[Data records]
━━━━

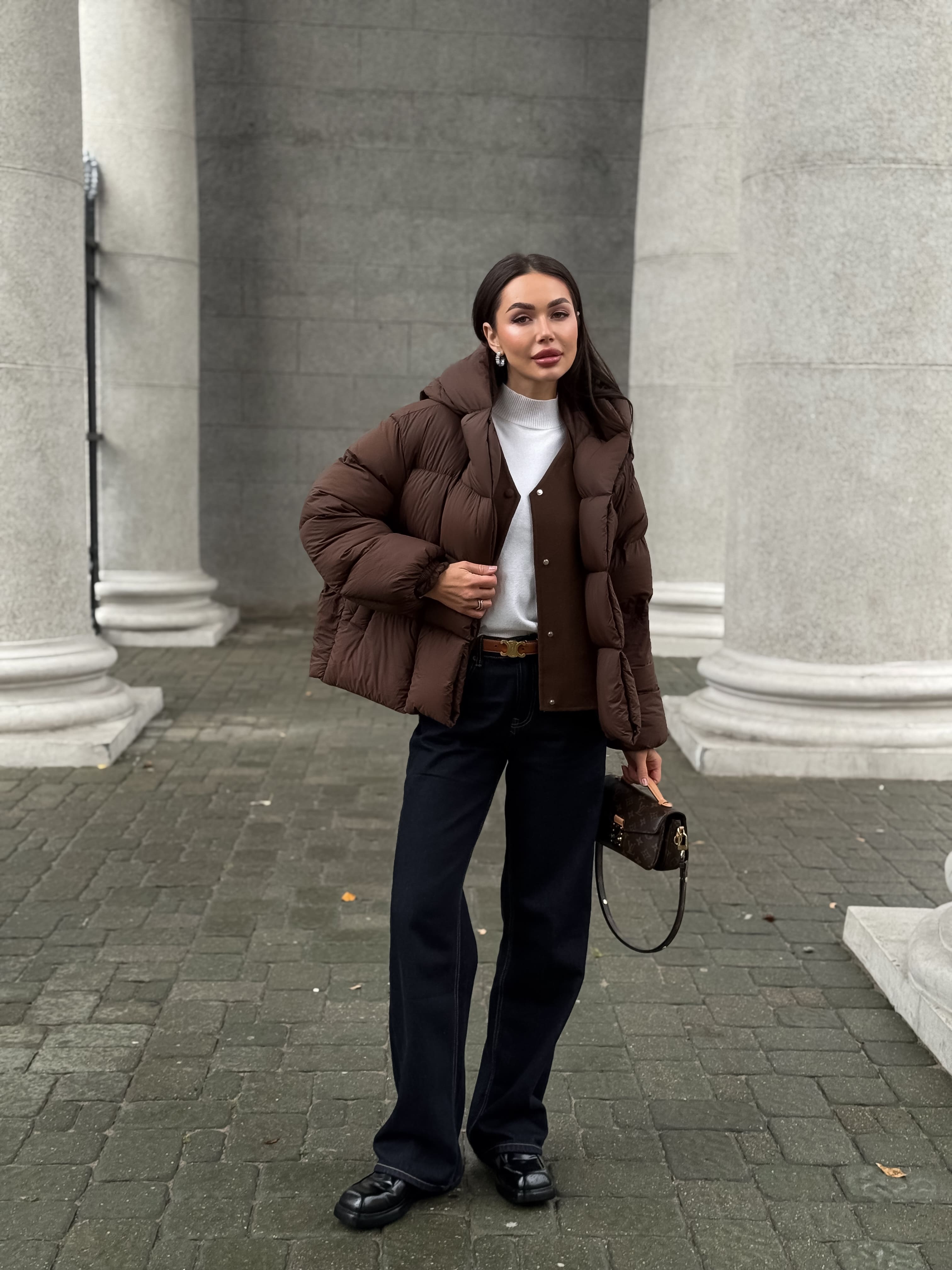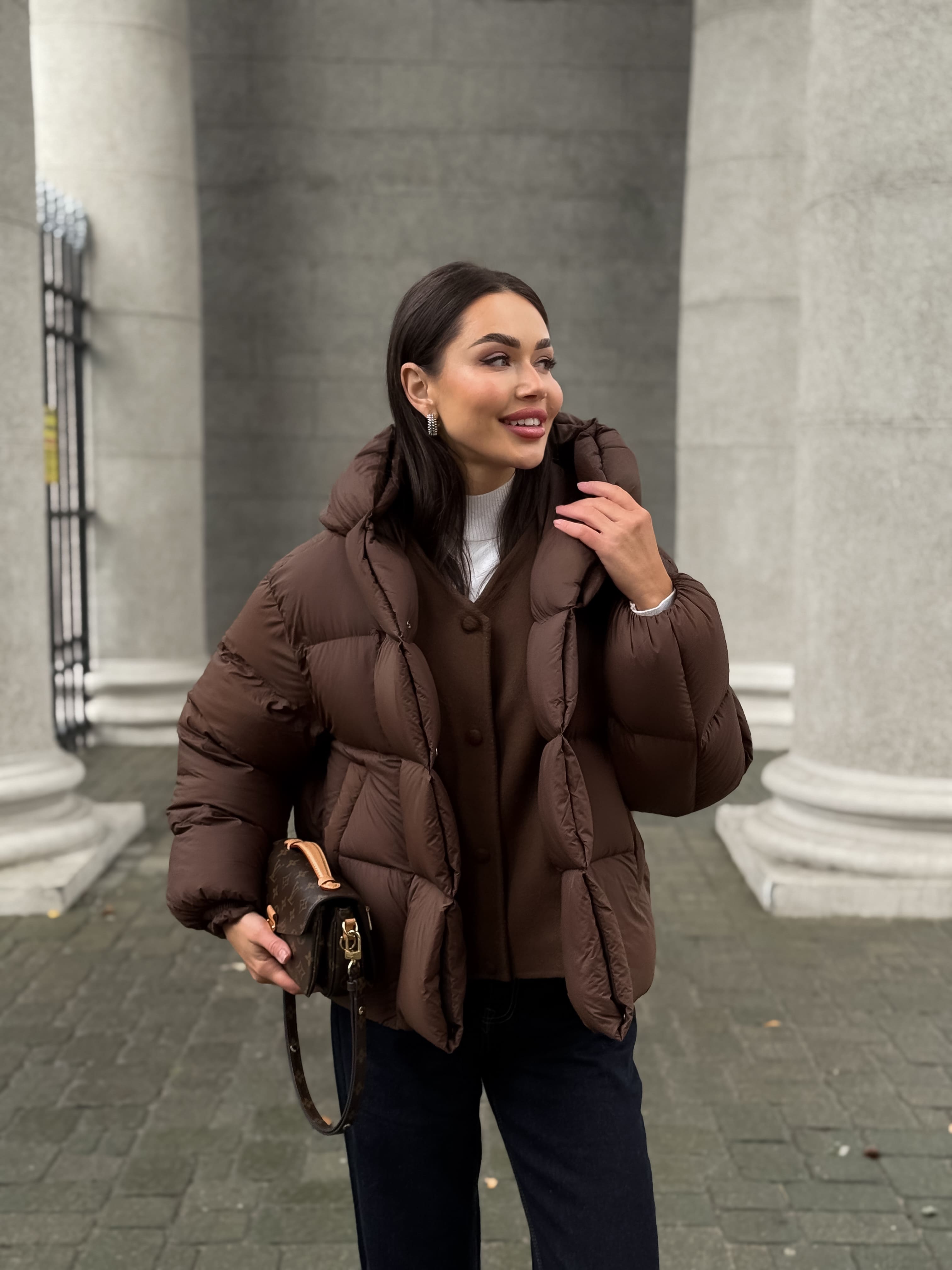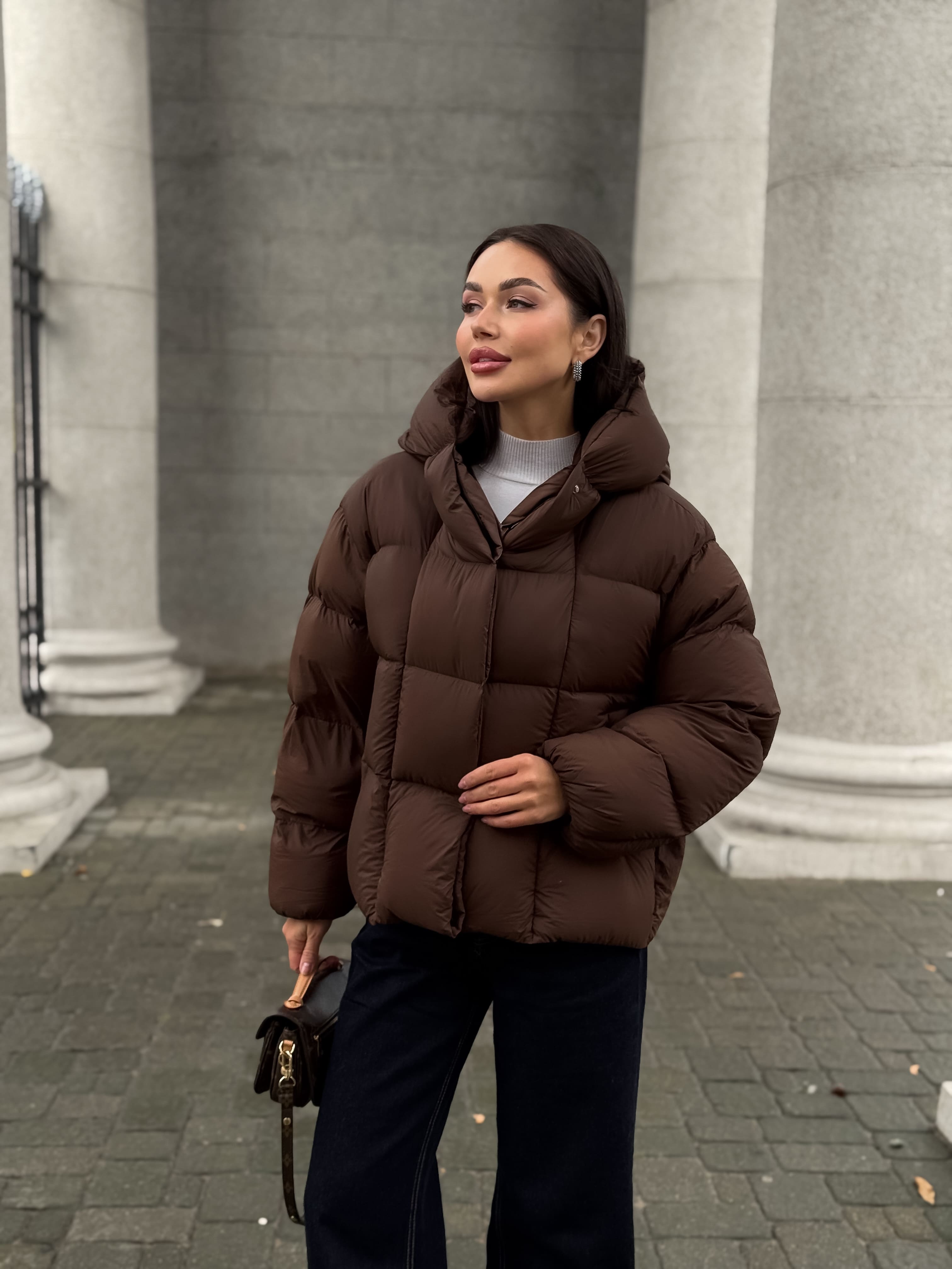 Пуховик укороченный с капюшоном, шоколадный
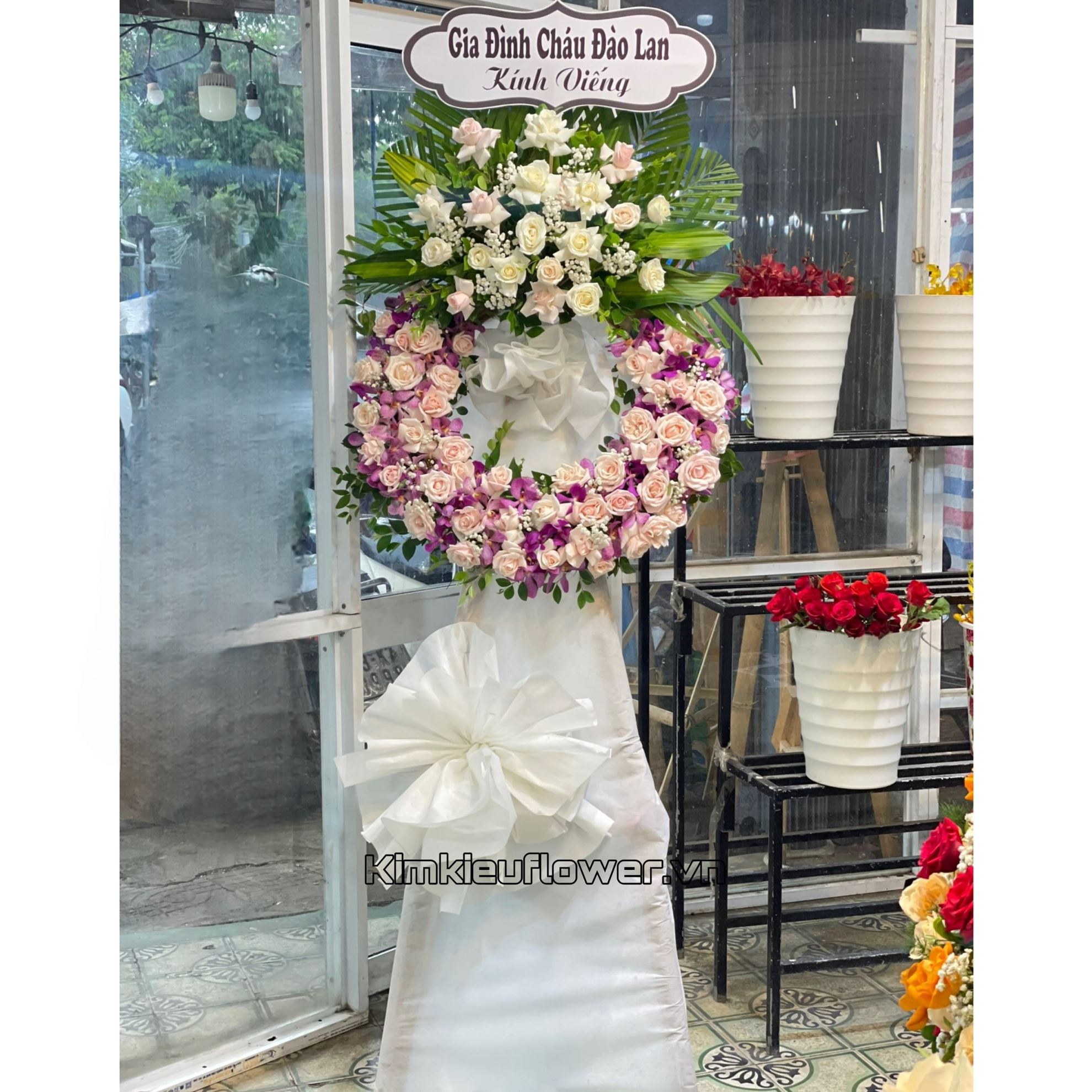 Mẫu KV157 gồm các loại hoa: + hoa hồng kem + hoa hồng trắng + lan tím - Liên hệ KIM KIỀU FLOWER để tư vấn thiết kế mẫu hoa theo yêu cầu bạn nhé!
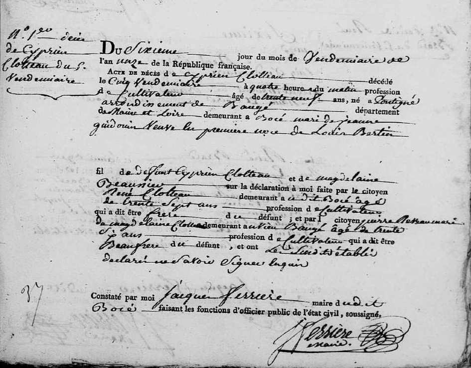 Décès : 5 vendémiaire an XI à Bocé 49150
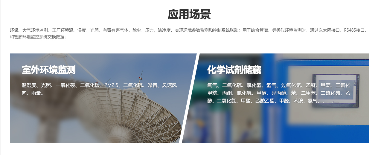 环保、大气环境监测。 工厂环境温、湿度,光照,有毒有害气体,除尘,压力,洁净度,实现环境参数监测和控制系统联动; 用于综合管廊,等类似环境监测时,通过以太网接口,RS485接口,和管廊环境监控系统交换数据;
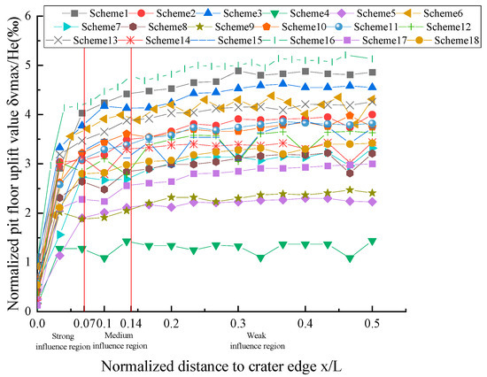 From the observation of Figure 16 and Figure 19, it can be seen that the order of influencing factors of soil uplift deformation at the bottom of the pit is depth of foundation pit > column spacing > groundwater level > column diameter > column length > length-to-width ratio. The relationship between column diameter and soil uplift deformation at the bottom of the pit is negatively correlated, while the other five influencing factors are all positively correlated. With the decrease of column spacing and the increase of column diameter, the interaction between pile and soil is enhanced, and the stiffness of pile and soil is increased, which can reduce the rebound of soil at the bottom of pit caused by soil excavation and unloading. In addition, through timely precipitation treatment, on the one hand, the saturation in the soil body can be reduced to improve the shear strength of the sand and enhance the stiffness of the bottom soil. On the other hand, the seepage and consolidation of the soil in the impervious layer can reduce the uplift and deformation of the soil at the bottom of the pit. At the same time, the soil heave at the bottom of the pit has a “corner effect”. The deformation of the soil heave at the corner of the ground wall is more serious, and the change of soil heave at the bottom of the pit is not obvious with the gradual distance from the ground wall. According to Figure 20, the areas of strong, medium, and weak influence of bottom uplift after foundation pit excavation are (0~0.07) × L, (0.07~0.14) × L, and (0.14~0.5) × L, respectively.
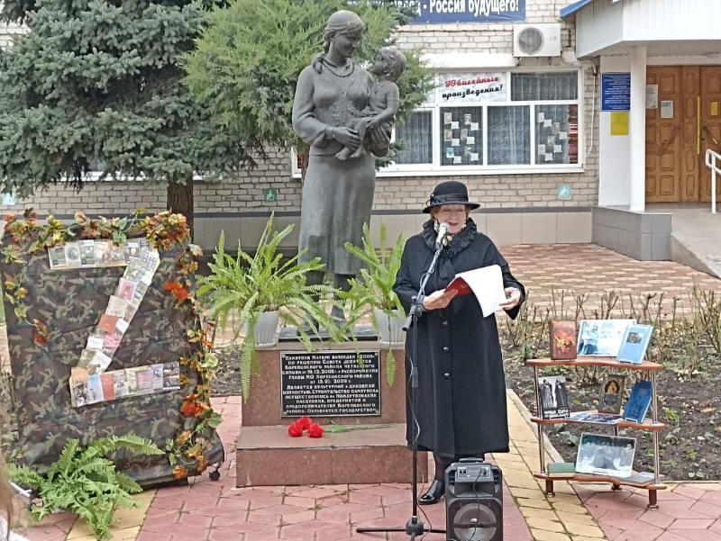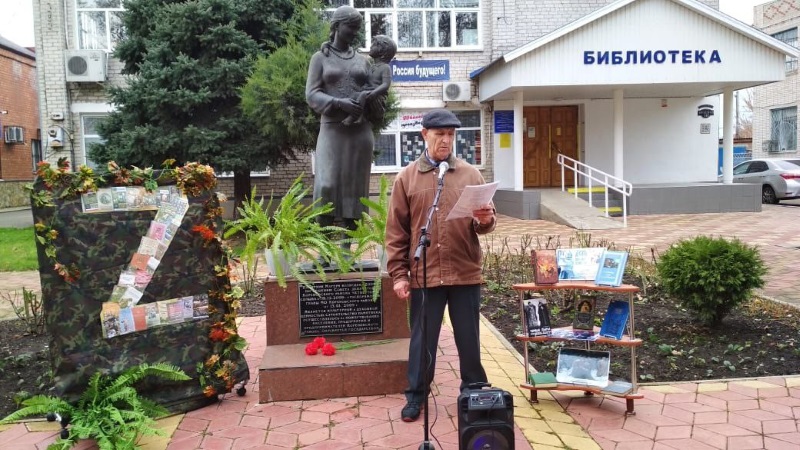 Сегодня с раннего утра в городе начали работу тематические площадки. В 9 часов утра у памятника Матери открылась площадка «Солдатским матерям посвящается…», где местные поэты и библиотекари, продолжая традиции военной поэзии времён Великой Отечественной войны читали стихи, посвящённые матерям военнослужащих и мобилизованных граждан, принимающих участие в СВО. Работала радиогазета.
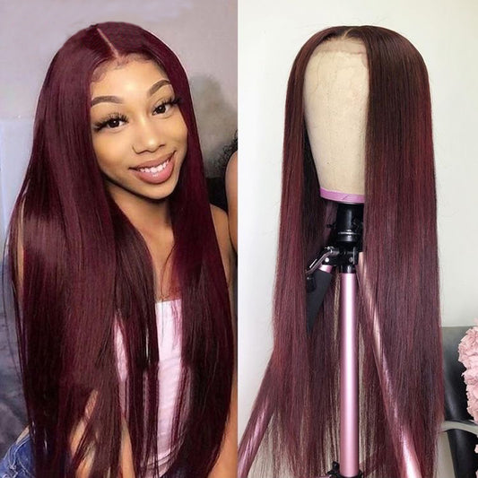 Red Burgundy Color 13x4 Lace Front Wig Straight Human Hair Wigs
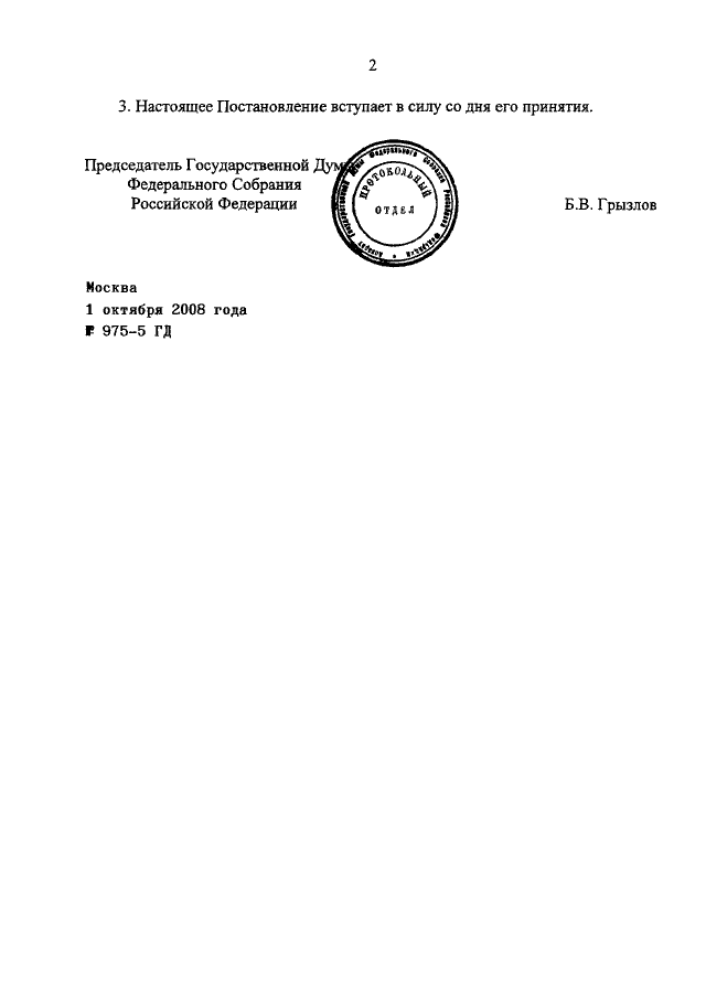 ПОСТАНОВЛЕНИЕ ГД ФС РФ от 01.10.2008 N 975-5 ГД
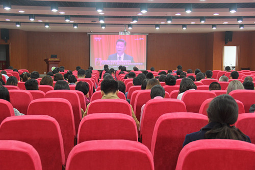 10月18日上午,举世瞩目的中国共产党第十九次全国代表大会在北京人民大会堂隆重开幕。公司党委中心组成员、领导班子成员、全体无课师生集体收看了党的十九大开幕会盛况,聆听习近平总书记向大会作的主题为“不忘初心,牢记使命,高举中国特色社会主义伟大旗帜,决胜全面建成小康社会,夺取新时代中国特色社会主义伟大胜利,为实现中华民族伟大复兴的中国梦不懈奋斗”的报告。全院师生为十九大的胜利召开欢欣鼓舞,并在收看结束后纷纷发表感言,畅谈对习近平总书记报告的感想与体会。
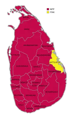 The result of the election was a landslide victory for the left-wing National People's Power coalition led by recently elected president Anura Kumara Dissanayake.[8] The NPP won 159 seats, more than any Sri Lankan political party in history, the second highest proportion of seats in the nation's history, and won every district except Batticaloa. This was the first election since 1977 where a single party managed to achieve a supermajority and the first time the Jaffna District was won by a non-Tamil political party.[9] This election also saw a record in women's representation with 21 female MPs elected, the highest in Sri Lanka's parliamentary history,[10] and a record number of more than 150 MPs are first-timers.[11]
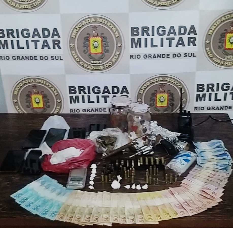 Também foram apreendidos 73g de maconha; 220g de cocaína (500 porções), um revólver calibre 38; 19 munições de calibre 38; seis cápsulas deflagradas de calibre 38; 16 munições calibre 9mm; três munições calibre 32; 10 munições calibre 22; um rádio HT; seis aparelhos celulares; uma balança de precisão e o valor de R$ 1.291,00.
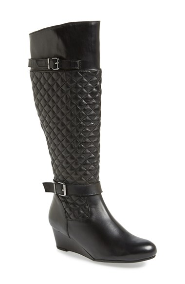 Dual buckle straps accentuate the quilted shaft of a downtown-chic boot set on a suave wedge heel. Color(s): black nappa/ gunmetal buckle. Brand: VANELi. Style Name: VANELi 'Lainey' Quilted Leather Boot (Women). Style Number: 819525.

━━━━

● WHAT YOU WILL DO: Please extract exactly the lines of the data, from the first through the line containing "From the observation", and add no pictures to the copy.

● EXPECTED ANSWER:
 Пуховик укороченный с капюшоном, шоколадный
 Mẫu KV157 gồm các loại hoa: + hoa hồng kem + hoa hồng trắng + lan tím - Liên hệ KIM KIỀU FLOWER để tư vấn thiết kế mẫu hoa theo yêu cầu bạn nhé!
 Décès : 5 vendémiaire an XI à Bocé 49150
 环保、大气环境监测。 工厂环境温、湿度,光照,有毒有害气体,除尘,压力,洁净度,实现环境参数监测和控制系统联动; 用于综合管廊,等类似环境监测时,通过以太网接口,RS485接口,和管廊环境监控系统交换数据;
 From the observation of Figure 16 and Figure 19, it can be seen that the order of influencing factors of soil uplift deformation at the bottom of the pit is depth of foundation pit > column spacing > groundwater level > column diameter > column length > length-to-width ratio. The relationship between column diameter and soil uplift deformation at the bottom of the pit is negatively correlated, while the other five influencing factors are all positively correlated. With the decrease of column spacing and the increase of column diameter, the interaction between pile and soil is enhanced, and the stiffness of pile and soil is increased, which can reduce the rebound of soil at the bottom of pit caused by soil excavation and unloading. In addition, through timely precipitation treatment, on the one hand, the saturation in the soil body can be reduced to improve the shear strength of the sand and enhance the stiffness of the bottom soil. On the other hand, the seepage and consolidation of the soil in the impervious layer can reduce the uplift and deformation of the soil at the bottom of the pit. At the same time, the soil heave at the bottom of the pit has a “corner effect”. The deformation of the soil heave at the corner of the ground wall is more serious, and the change of soil heave at the bottom of the pit is not obvious with the gradual distance from the ground wall. According to Figure 20, the areas of strong, medium, and weak influence of bottom uplift after foundation pit excavation are (0~0.07) × L, (0.07~0.14) × L, and (0.14~0.5) × L, respectively.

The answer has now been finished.